Frequently asked questions

Which dice sizes are supported?

The seven standard polyhedral dice used in tabletop role-playing games: d4, d6, d8, d10, d12, d20, and d100. These correspond to the Platonic solids (d4 = tetrahedron, d6 = cube, d8 = octahedron, d12 = dodecahedron, d20 = icosahedron) plus d10 (pentagonal trapezohedron) and d100 (two d10 rolls combined, or a dedicated Zocchihedron). Non-standard dice (d3, d7, d30, etc.) are not supported — use the general random number generator for custom ranges.

Are these rolls really fair?

Yes, about as fair as any software simulation can be. The tool uses the browser's crypto.getRandomValues (the same cryptographic-grade entropy source used for generating encryption keys) and rejection sampling to eliminate modulo bias. Every face of every die is equally likely on every roll, and each roll is independent of the previous ones. The rolls are more statistically uniform than physical dice — physical dice have subtle biases from manufacturing imperfections, imbalance, and throwing surface, none of which apply here.

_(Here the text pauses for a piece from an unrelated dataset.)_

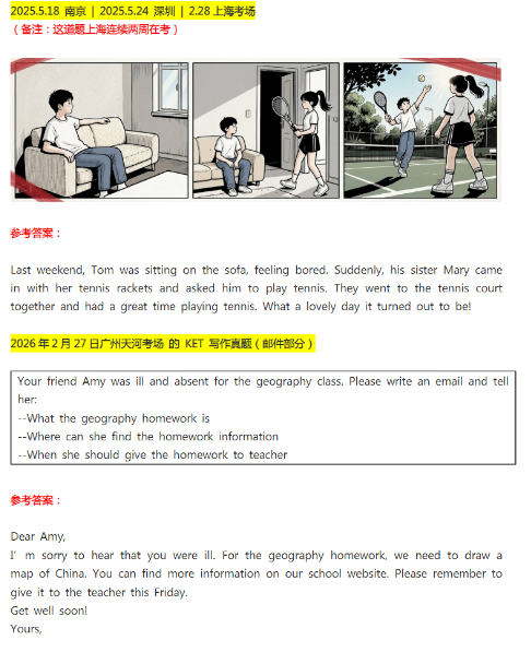 欢迎关注我们,文末有2026年1-2月KET口语写作真题pdf汇总供您领取!
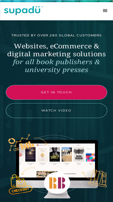 100%Supadu offers optimized websites, eCommerce and marketing solutions for all sizes of book publishers and university presses. Discover tools, such as Supadu's Smart Buy buttons and Smart Book Flyers that help build audiences, increase title visibility, and drive sales.

Why does the history persist between page loads?

The tool saves recent rolls to localStorage (up to 50 entries) so you can close the tab and come back to your rolling session later. This is especially useful for tabletop games where you want a running log of critical rolls. Nothing leaves your browser — localStorage is client-side only, tied to the origin, with no network traffic. Clearing your browser data or clicking 'Clear' wipes the history.

Can I roll complex dice notation like '2d6+3'?

Not directly — the tool handles dice count and die size, but not modifiers (like +3) or expressions mixing different dice. For 2d6+3 you'd roll 2d6 here and add 3 mentally. For a full dice-notation parser (e.g. '4d6 drop lowest', '2d20 advantage', 'd% + d10'), you'd want a dedicated RPG dice tool. This one is intentionally minimal — pick a single die type, pick a count, roll.

Why doesn't the coin flip show an image of a coin?

Because 'H' and 'T' convey the information in less space and remain readable at tiny sizes. The result card colours heads differently (accent-coloured pill for heads, default colour for tails) so batched flips are quick to scan at a glance. If you prefer emoji coins (🪙) or animated flips, you'd want a themed flipper page — this one prioritises clarity of counts over visual flair.